The main U.S. accountant regulator vowed to press forward with a controversial plan to name the auditors of public companies that has been the focus of a five-year battle with industry.
The Public Company Accounting Oversight Board (PCAOB) plans in the coming months to reissue the proposal, which has been opposed by accounting firms that say it will make auditors a bigger target of lawsuits. PCAOB Chairman James Doty told members of the Securities and Exchange Commission (SEC), who approved his agency's $250 million budget Wednesday, that the new measure should be more acceptable to the SEC and the audit industry.
“We have reached an approach that we think is workable and avoids some of the problems that we discovered,” he said.
The tussle over rules speaks to the gulf between the PCAOB, which funds itself with fees paid by public companies, and the SEC, which must approve the board's spending and rules.
The PCAOB says affixing a name to audits, which have long carried only the firm's identity, would improve accountability and let investors discern good auditors from bad ones. The SEC has questioned whether disclosure would create barriers for companies raising capital.

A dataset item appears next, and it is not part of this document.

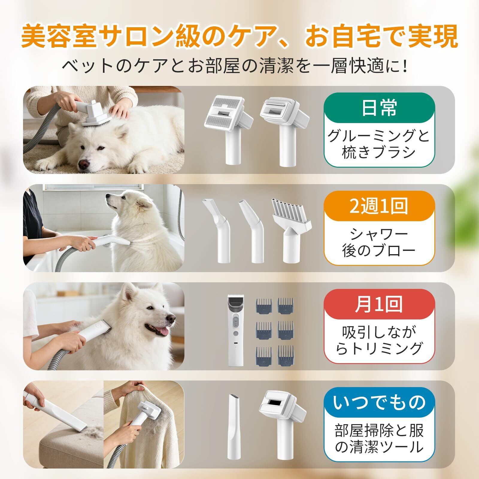 【2025最新登場・万能型】犬用バリカン ペット用バリカン【業界初!グルーミング・トリミング・掃除機・ドライヤー機能を一体化】 猫美容器 ペットグルーミングセット 超強力吸引 温風&送風 冬夏季節対応 3段階強度調整 3段階温度調節 多機能グルーミングキット 犬 猫美容器 猫 抜け毛を自動吸引 多機能ペット掃除機 犬用電動大容量 換毛期対策 多種類アタッチメント付き 日本語説明書 PSE認証済

The SEC's pushback is the latest challenge to the accounting board, which has struggled to complete regulations in the face of industry lobbying. The board last year dropped an effort to require companies to switch auditors every decade—a plan that was unpopular with companies and accountants alike—after House lawmakers voted to block its authority.

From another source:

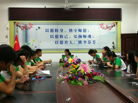 当晚,每天一次的例会在会议室中展开。会议中首先由队长对一天的工作进行了总结,并详细讲解了后面几天的日程安排。由于上课材料的问题,将课程进行了微调,具体地安排了每个任课老师后面的课程安排。并请了下午上课的两名队员谈了谈自己的代课感想。两位队员都是初次代课,都对课堂感触良多,感慨教学的不易。其中尤其是进行作业辅导的队员,由于带的是低年级学生,对纪律没有明确的概念,部分孩子较为吵闹。对此,队长强调了课堂纪律要严肃对待,保持好基本的课堂秩序。然后每一位队员轮流阐述了自己当天的工作与感悟,以及对明天工作的想法。大家的思考在交流中得以碰撞,摩擦出灵感的火花,找寻到自己的不足与待改善之处,进行一定的反思与改进。

The SEC now plans to hire an additional accountant to take “a fresh look” at the board's activities, “with a focus on improving its timeliness,” the SEC disclosed as part of its budget proposal on Feb. 2.
“The SEC is telling them, 'Get back to your core function,'” said Dan Goelzer, a former acting chairman of the accounting board who now is a partner at Baker & McKenzie LLP. “They got a little bit diverted off into these other policy-level or disclosure-focused projects that don't relate directly to the way audits are performed.”

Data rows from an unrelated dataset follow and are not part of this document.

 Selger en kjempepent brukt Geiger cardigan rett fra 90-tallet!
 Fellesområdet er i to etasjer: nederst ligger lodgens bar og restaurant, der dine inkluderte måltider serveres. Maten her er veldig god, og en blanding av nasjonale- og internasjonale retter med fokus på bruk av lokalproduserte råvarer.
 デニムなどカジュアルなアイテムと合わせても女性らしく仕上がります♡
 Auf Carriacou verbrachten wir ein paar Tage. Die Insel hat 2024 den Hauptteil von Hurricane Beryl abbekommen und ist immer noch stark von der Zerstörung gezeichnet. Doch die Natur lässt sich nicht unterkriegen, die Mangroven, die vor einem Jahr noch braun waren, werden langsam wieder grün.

Doty announced today that he plans to hire an outside consultant to help the agency speed up the pace at which it issues rules. He told reporters after the meeting that he couldn't say how much the consultant would cost.
SEC Chief Accountant James Schnurr said in December that the accounting board should work on rules that govern how audits are performed, rather than policies focused on disclosure or conflicts of interest.
“Some of the most important projects to update auditing and quality-control standards that are on the PCAOB's agenda simply have been moving too slowly,” Schnurr, a former auditor at Deloitte LLP, said at an accounting-industry conference.
Right Forum
SEC Commissioner Daniel Gallagher, who also has called for the accounting board to refocus on performance standards, said Wednesday that the PCAOB's “limited standard-setting resources have been focused too heavily on disclosure projects.
“To the extent that this focus on disclosure comes at the expense of making meaningful progress on core audit performance standards, which would drive improved auditor performance, those priorities need to be reexamined,” Gallagher said.
The battle over naming auditors began in 2009, when the board sought to have accountants affix their signatures to their annual audits of public-company books.
The accounting industry decried the effort, citing a worry it would make them bigger targets for lawsuits. The board then proposed to print the name of the lead partner without asking for a signature.
The SEC sided with the accounting industry, saying that even that level of disclosure could complicate companies' efforts to raise money, Goelzer said. Once auditors are named publicly, they could have to sign off each time a company sold equity or debt to the public.
“That is the source of the tension between the two agencies about partner identification,” Goelzer said.
Facing opposition from the SEC and the accounting industry, Doty recently offered a new option—allowing firms to disclose the name in a separate public notice filed with the board.
“That seems like an elegant solution to the whole thing, which allows you to avoid the debate over additional liability,” said Harvey Goldschmid, a Columbia University law professor and former SEC commissioner who sits on advisory boards for the audit industry and the accounting board.